Give again, unaltered, the lines of the listing below that run from the line having "Wie viele seiner" through the line having "在东堂子胡同那间小屋，有一天".

** Opening EXERCISE MATERIALS block **

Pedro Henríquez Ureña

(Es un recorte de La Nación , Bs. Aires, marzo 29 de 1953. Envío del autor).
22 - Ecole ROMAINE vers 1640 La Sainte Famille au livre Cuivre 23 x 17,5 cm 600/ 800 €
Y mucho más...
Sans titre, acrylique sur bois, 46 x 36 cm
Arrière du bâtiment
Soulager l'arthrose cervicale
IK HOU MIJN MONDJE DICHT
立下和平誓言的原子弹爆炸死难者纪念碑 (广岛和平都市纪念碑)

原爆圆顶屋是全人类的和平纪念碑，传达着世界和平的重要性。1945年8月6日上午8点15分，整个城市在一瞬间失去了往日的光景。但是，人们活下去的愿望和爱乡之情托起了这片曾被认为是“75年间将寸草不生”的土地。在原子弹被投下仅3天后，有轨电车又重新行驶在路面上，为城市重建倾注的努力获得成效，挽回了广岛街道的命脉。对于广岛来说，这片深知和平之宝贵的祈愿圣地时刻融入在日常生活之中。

** Closing EXERCISE MATERIALS block **
** Opening EXERCISE MATERIALS block **

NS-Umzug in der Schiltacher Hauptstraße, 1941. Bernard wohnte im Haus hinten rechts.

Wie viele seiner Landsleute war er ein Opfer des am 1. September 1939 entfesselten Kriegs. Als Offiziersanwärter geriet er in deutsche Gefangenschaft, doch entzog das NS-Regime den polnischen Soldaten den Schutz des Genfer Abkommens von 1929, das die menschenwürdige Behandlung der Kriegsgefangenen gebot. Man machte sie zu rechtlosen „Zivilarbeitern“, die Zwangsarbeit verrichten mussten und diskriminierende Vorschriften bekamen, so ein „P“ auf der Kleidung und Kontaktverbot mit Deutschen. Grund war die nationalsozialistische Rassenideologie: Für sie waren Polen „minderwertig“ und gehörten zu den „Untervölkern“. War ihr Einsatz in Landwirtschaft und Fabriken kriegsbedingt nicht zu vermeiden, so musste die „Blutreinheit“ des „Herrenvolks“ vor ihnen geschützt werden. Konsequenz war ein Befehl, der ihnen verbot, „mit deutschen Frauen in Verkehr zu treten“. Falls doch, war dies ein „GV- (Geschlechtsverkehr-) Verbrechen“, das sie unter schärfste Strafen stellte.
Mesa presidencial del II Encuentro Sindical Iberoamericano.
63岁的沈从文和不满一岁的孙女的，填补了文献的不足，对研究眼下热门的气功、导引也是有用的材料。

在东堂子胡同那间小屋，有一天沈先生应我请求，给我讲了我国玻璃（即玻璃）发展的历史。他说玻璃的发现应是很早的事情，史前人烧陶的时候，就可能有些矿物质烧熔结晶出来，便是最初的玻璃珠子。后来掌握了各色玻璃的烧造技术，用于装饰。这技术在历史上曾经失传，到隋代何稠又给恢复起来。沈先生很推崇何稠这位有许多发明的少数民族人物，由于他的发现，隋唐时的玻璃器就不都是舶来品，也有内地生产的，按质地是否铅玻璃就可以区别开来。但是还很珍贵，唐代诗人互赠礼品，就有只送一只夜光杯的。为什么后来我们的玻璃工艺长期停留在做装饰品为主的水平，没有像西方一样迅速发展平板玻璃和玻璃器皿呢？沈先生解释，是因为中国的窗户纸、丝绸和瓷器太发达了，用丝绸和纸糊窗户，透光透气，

** Closing EXERCISE MATERIALS block **

**EXERCISE OUTPUT**
Wie viele seiner Landsleute war er ein Opfer des am 1. September 1939 entfesselten Kriegs. Als Offiziersanwärter geriet er in deutsche Gefangenschaft, doch entzog das NS-Regime den polnischen Soldaten den Schutz des Genfer Abkommens von 1929, das die menschenwürdige Behandlung der Kriegsgefangenen gebot. Man machte sie zu rechtlosen „Zivilarbeitern“, die Zwangsarbeit verrichten mussten und diskriminierende Vorschriften bekamen, so ein „P“ auf der Kleidung und Kontaktverbot mit Deutschen. Grund war die nationalsozialistische Rassenideologie: Für sie waren Polen „minderwertig“ und gehörten zu den „Untervölkern“. War ihr Einsatz in Landwirtschaft und Fabriken kriegsbedingt nicht zu vermeiden, so musste die „Blutreinheit“ des „Herrenvolks“ vor ihnen geschützt werden. Konsequenz war ein Befehl, der ihnen verbot, „mit deutschen Frauen in Verkehr zu treten“. Falls doch, war dies ein „GV- (Geschlechtsverkehr-) Verbrechen“, das sie unter schärfste Strafen stellte.
Mesa presidencial del II Encuentro Sindical Iberoamericano.
63岁的沈从文和不满一岁的孙女的，填补了文献的不足，对研究眼下热门的气功、导引也是有用的材料。

在东堂子胡同那间小屋，有一天沈先生应我请求，给我讲了我国玻璃（即玻璃）发展的历史。他说玻璃的发现应是很早的事情，史前人烧陶的时候，就可能有些矿物质烧熔结晶出来，便是最初的玻璃珠子。后来掌握了各色玻璃的烧造技术，用于装饰。这技术在历史上曾经失传，到隋代何稠又给恢复起来。沈先生很推崇何稠这位有许多发明的少数民族人物，由于他的发现，隋唐时的玻璃器就不都是舶来品，也有内地生产的，按质地是否铅玻璃就可以区别开来。但是还很珍贵，唐代诗人互赠礼品，就有只送一只夜光杯的。为什么后来我们的玻璃工艺长期停留在做装饰品为主的水平，没有像西方一样迅速发展平板玻璃和玻璃器皿呢？沈先生解释，是因为中国的窗户纸、丝绸和瓷器太发达了，用丝绸和纸糊窗户，透光透气，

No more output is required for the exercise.